Since UC-TG is used as response in the regression analysis, and since this method does not allow a perfect separation between chylomicrons and very low density lipoproteins (VLDL), the new method, which performs correlation analysis, will per definition also be affected by the presence of this last class of lipoproteins when assessing the chylomicron TG content. If the inclusion of minor fractions of very low density lipoproteins (VLDL) in the correlation analysis is a problem, it should result in fasted plasma samples with a significant content of chylomicron TG. However, this is clearly not the case as the fasted plasma samples are all well predicted by the new method and do not compromise the linearity of the relationship between NMR spectral features and TG content. Albeit the concentration of chylomicron TG in the fasted state should theoretically be 0 mmol/L, it is well known that some individuals do not clear lipids at the same high rate, and that chylomicrons may be present even after an overnight fast [19]. Furthermore, a few subjects had both high fasting total TG (~2 mmol/L) (data not shown) and chylomicron TG (~0.9 mmol/L) indicating poor lipid clearance capacity, resulting in a relatively high mean fasting chylomicron TG concentration.

Finally, the time course study conducted on five subjects demonstrated good potential of the new method for monitoring variations in chylomicron TG concentration over time which is comparable or better to what can be obtained using the ultracentrifugation method. Most importantly, the low sample volume requirements and high throughput capacity of the new method will allow much more frequent time sampling for studying early events and finer details in the time courses for postprandial triglyceride (TG) concentrations after intake of standardized meals.

Due to the escalating obesity epidemic and its cardio-metabolic complications, in combination with the established relationship between postprandial elevation of lipids and CVD risk, the search for food ingredients and drugs that effectively suppress postprandial lipemia has increased in recent years. To determine an individual's ability to clear postprandial lipids or the capacity of a food ingredient to diminish lipid uptake, TG-rich lipoproteins and, in particular, chylomicrons must be measured after an oral fat load.

Conclusions

The new method facilitates rapid measurement of chylomicron TG and creates new opportunities for research in lifestyle diseases and obesity and may become a valuable tool in nutritional research for assessment of absorption of exogenous diet-derived lipids.

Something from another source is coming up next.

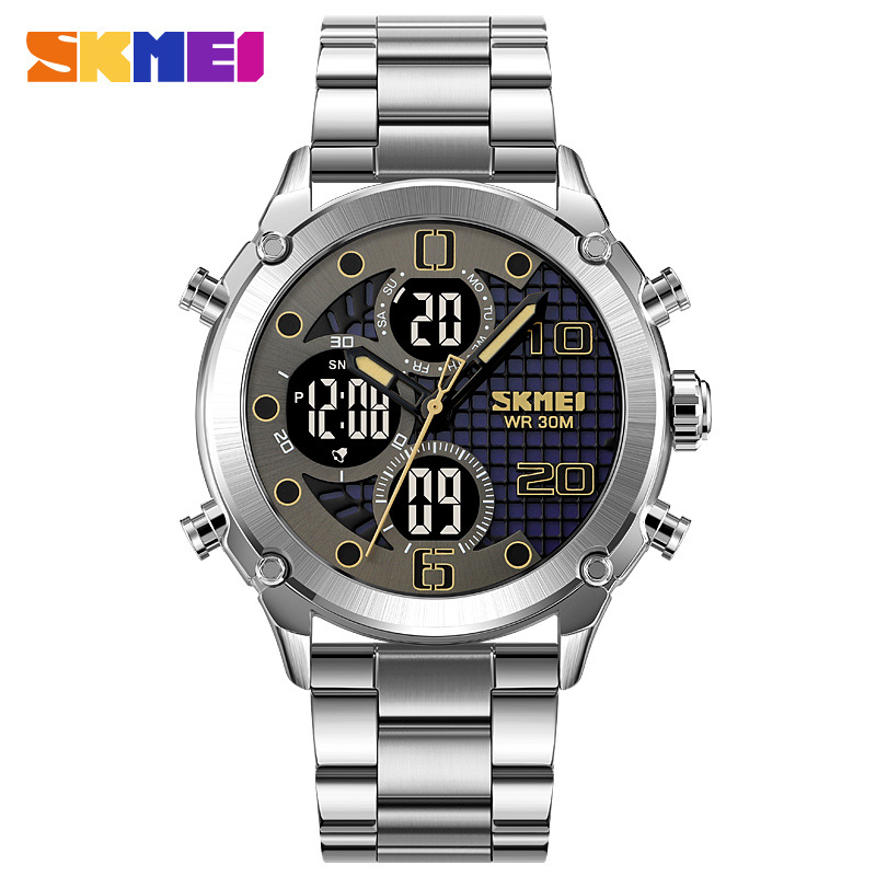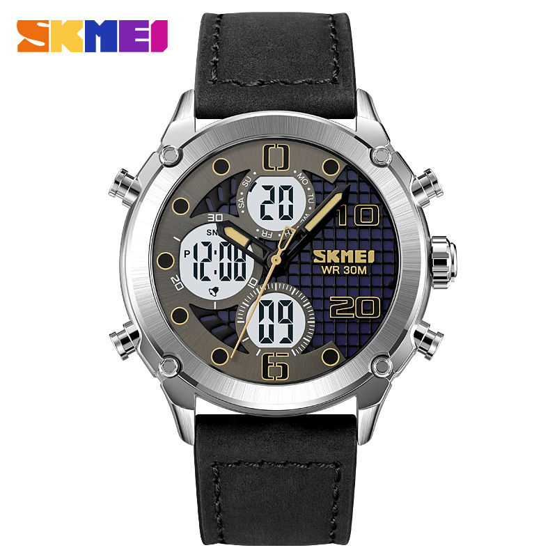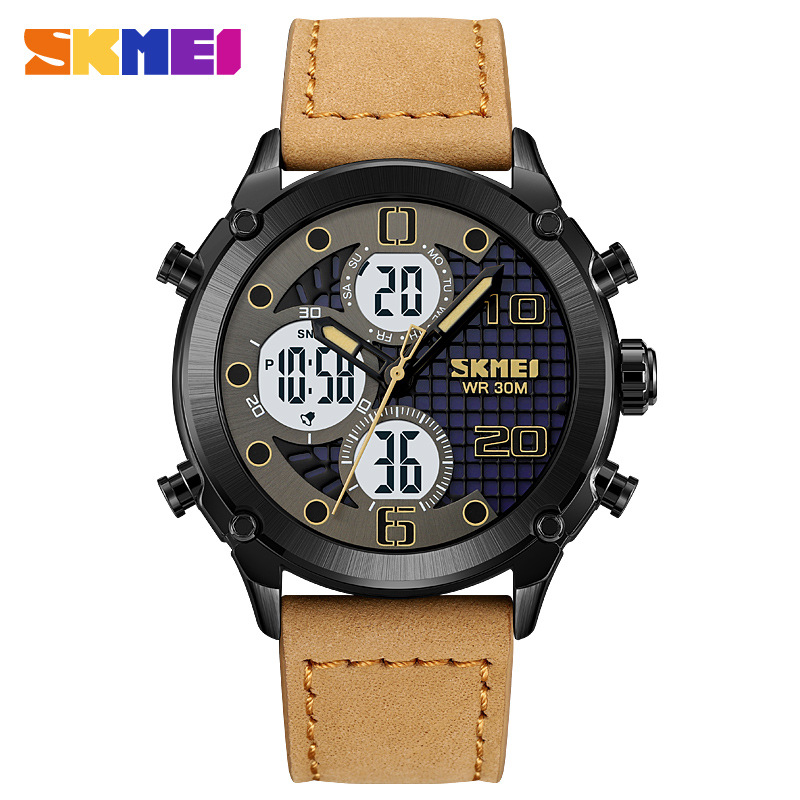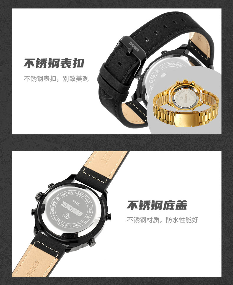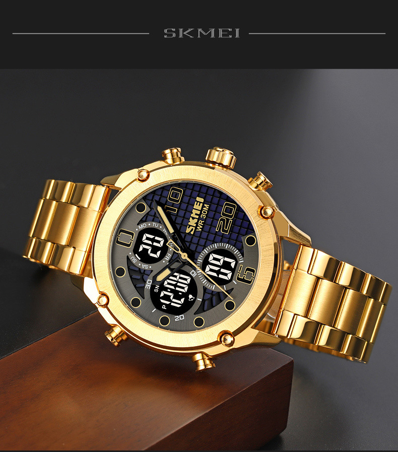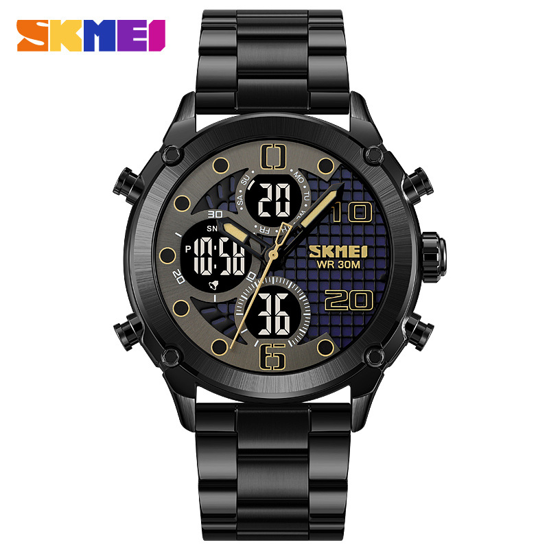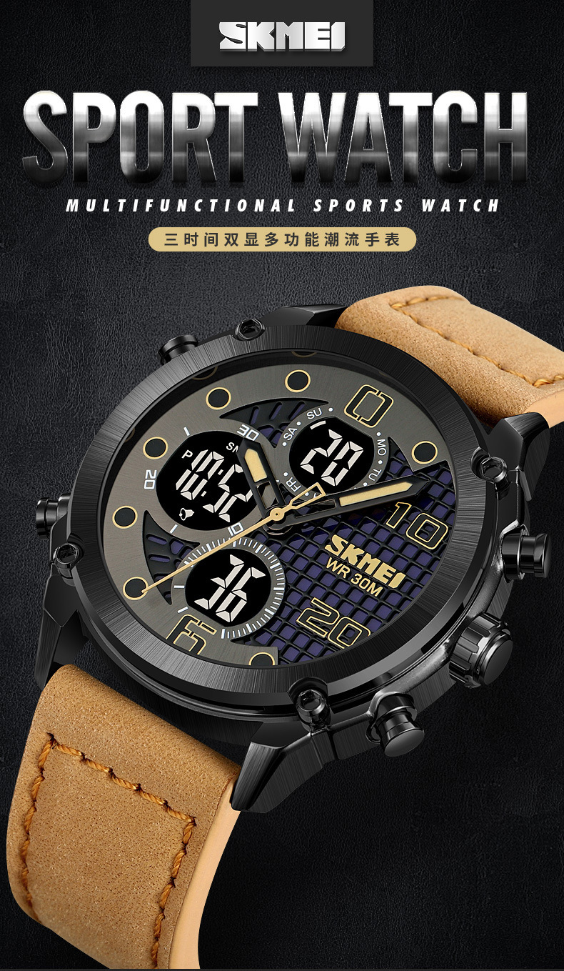 时刻美户外运动男士电子表双机芯多功能手表防水闹钟夜光电子手表
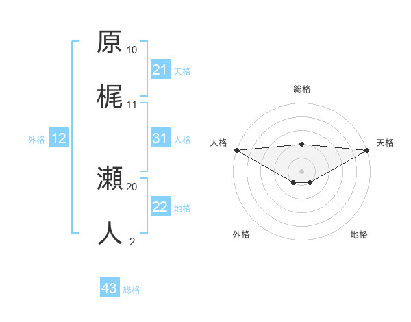 原梶 瀬人さんを姓名の画数から五運を鑑定

Furthermore, non-fasting concentration of TG in TG-rich lipoproteins including chylomicrons may replace fasting levels in assessing CVD risk once standard reference values have been developed, and thus a high throughput NMR method may become a valuable tool in prediction of disease risk.

List of abbreviations used

CVD: Cardiovascular disease; UC-TG: Ultracentrifugation-Triglycerides; NMR: Nuclear Magnetic Resonance; PLS: Partial Least Squares regression; iPLS: interval-PLS; RMSECV: Root Mean Square Error of Cross Validation.

Competing interests

The authors declare that they have no competing interests.

Authors' contributions

FS and SBE performed the NMR data analysis, the multivariate statistical analysis and data interpretations. FHL performed the NMR measurements. AA designed the human intervention study and MK performed the reference TG chylomicron measurements. FS and SBE made the figures. FS, SBE and MK wrote the manuscript. All authors have read and approved the final manuscript.